** Action item **
Once the pictures are removed, restate the listing word for word.

** Data extract **

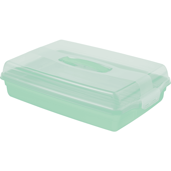 Praktikus négyszögletes ételtároló sütemény és szendvicsek tárolására és szállítására. A kézreálló fogantyú segít a szálításában, kiválóan alkalmas a családi piknikre. Ideális konyhaasztalon, hűtőszekrényben, szekrényben való alkalmazásra. Az ételtárolónak köszönhetően a sütemények és a harapnivalók hosszabb ideig megőrzik frissességüket. A termék élelmiszerrel való kapcsolatra feljogosító tanúsítvánnyal rendelkezik.
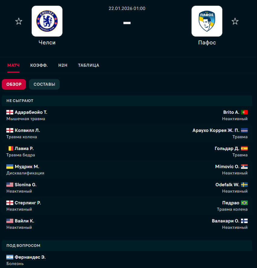 У "Челси" не сыграют Адарбиойо, Колвилл, Лавиа, Мудрик, Слонина, Стерлинг и Вайли. "Пафос" не сможет рассчитывать на Брито, Аруахо корря, Гольдара, Мимовича, Одефалька, Педраю и Валакари.
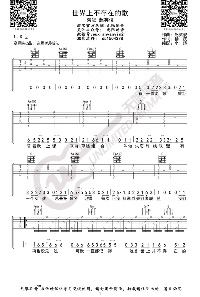 曲谱介绍: 赵英俊的一首好听的创作歌曲,世界上不存在的歌吉他谱,电影【火锅英雄】的主题曲,歌曲选用C调指法,变调夹二品,三张弹唱图片谱。音乐人最大的愿望就是希望大家能喜欢他的歌曲,让我们再弹唱一曲赵英俊的歌。
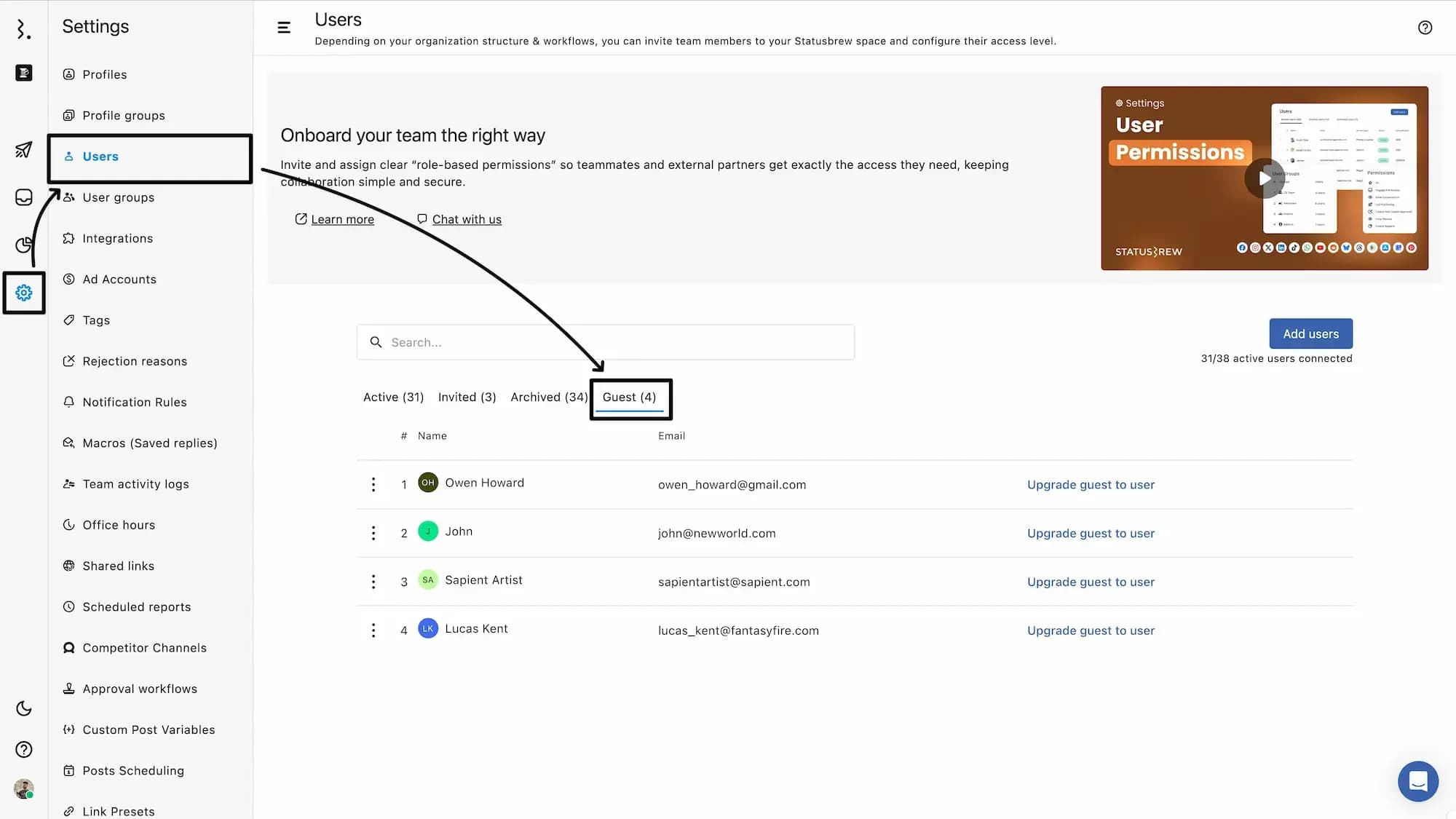 Once you’ve added guest users in Statusbrew, managing them is easy:

** Problem solution **
 Praktikus négyszögletes ételtároló sütemény és szendvicsek tárolására és szállítására. A kézreálló fogantyú segít a szálításában, kiválóan alkalmas a családi piknikre. Ideális konyhaasztalon, hűtőszekrényben, szekrényben való alkalmazásra. Az ételtárolónak köszönhetően a sütemények és a harapnivalók hosszabb ideig megőrzik frissességüket. A termék élelmiszerrel való kapcsolatra feljogosító tanúsítvánnyal rendelkezik.
 У "Челси" не сыграют Адарбиойо, Колвилл, Лавиа, Мудрик, Слонина, Стерлинг и Вайли. "Пафос" не сможет рассчитывать на Брито, Аруахо корря, Гольдара, Мимовича, Одефалька, Педраю и Валакари.
 曲谱介绍: 赵英俊的一首好听的创作歌曲,世界上不存在的歌吉他谱,电影【火锅英雄】的主题曲,歌曲选用C调指法,变调夹二品,三张弹唱图片谱。音乐人最大的愿望就是希望大家能喜欢他的歌曲,让我们再弹唱一曲赵英俊的歌。
 Once you’ve added guest users in Statusbrew, managing them is easy:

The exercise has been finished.